To run the clock, scientists first trap and cool an ion, then bathe it in laser light and measure whether it has absorbed any of the light and jumped to the higher energy state. A typical laser bath lasts about a second. By immersing the atom over and over in slightly different colors of light, scientists build up data that helps them tune the clock’s laser frequency closer and closer to the aluminum resonant frequency.
Physicists have also made trapped-ion clocks using ytterbium, a much heavier metal. This ion has two different resonant frequencies that can both be used for clocks, allowing the clock’s performance to be measured against itself.
Because the ions trapped in ion clocks are well protected from frequency shifts caused by the external environment, they have the potential to produce some of the world’s most accurate ticks of time. The best of these clocks are so good that if they had run continuously since the Big Bang, they would have gained or lost less than a second. (So far, however, they have run for only a few hours at a time.)
But another kind of optical clock has proved to be even more stable.
Instead of making exquisite measurements of just one atom, optical lattice clocks tune to the oscillations of thousands of atoms at once.
In a lattice clock, overlapping laser beams construct an energy landscape of peaks and valleys. This web of light creates a sort of electromagnetic egg carton with individual atoms resting in some of the egg compartments. Depending on the number of laser beams, the lattice compartments can be arranged in a one-dimensional line, a two-dimensional plane or a three-dimensional box.
Like an ion trap, the lattice lasers stop atoms cold so their internal oscillations can be measured for a long time. Because they also allow scientists to average measurements over all of the atoms at once, lattice clocks have become the most precise and stable clocks in existence.
A funny thing about lattice clocks is that they shouldn’t even work. Quantum physics tells us that the trapping lasers’ powerful electromagnetic fields should strongly shift the trapped atoms’ resonant frequencies, making them useless as clocks.
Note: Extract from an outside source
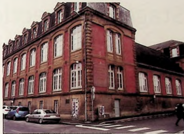
Conservatoire à Rayonnement Départemental de Charleville-Mézières

des classes d'éveil musical et de danse dès l'âge de 4 ans, de formation musicale, d'apprentissage instrumental de tous niveaux, d'écriture musicale et de composition, des formations de pratique collective (chorales d'enfants, ensembles de musique de chambre variés, orchestre à vent junior, orchestre symphonique, ateliers jazz, big band, de musiques du monde, de musiques actuelles). Les adultes (environ 20%) sont également admis à suivre ces enseignements donnés par 45 professeurs (fait rarissime: un grand nombre d'entre eux ont été élèves dans cet établissement et ont souhaité revenir y enseigner). Une caractéristique pour cette «École Nationale de Musique et de Danse» devenue «Conservatoire»: depuis octobre 1985, le même directeur! M. Dan Mercureau, qui dirige également l'Harmonie Municipale de Charleville-Mézières. Il a su insuffler une âme, une vie musicale intense, palpable à qui entre dans cet espace bien

But a surprising phenomenon makes the lattice clock possible after all: the so-called magic wavelength.
In the early 2000s, physicists discovered that laser light of certain wavelengths (the wavelength and frequency of light are inversely related) can pull on the atoms in counteracting ways that almost exactly cancel out, leaving their resonant frequencies unchanged.
Is the magic wavelength truly magic? Maybe not, but it’s certainly a beautiful — and useful — surprise hidden within quantum physics.
Since the lattice clock was invented, scientists in several countries have built versions based on different atoms. Strontium and ytterbium are currently among the most popular.
Similar to their trapped-ion cousins, the lasers and electronics needed for lattice clocks can take up several rooms. They are complicated and finicky devices. One or more scientists usually needs to be there to turn knobs and tweak dials.
But these clocks have lately been making their way out of the lab. Portable, dishwasher-sized lattice clocks have summited skyscrapers and crossed the country on road trips. NIST scientists will soon take one up a 14,271-foot (4,350-meter) Colorado mountain to attempt a bold new test of Einstein’s theory of general relativity.
And companies are selling the first commercial optical clocks, using a simpler design based on iodine molecules. These clocks aren’t record breakers, but they are cheaper and easier to build. Iodine clocks will be on board the European Kepler navigation satellites, and one may soon join the ensemble of clocks NIST uses to produce official U.S. time.
The future of optical clocks is looking — no pun intended — bright.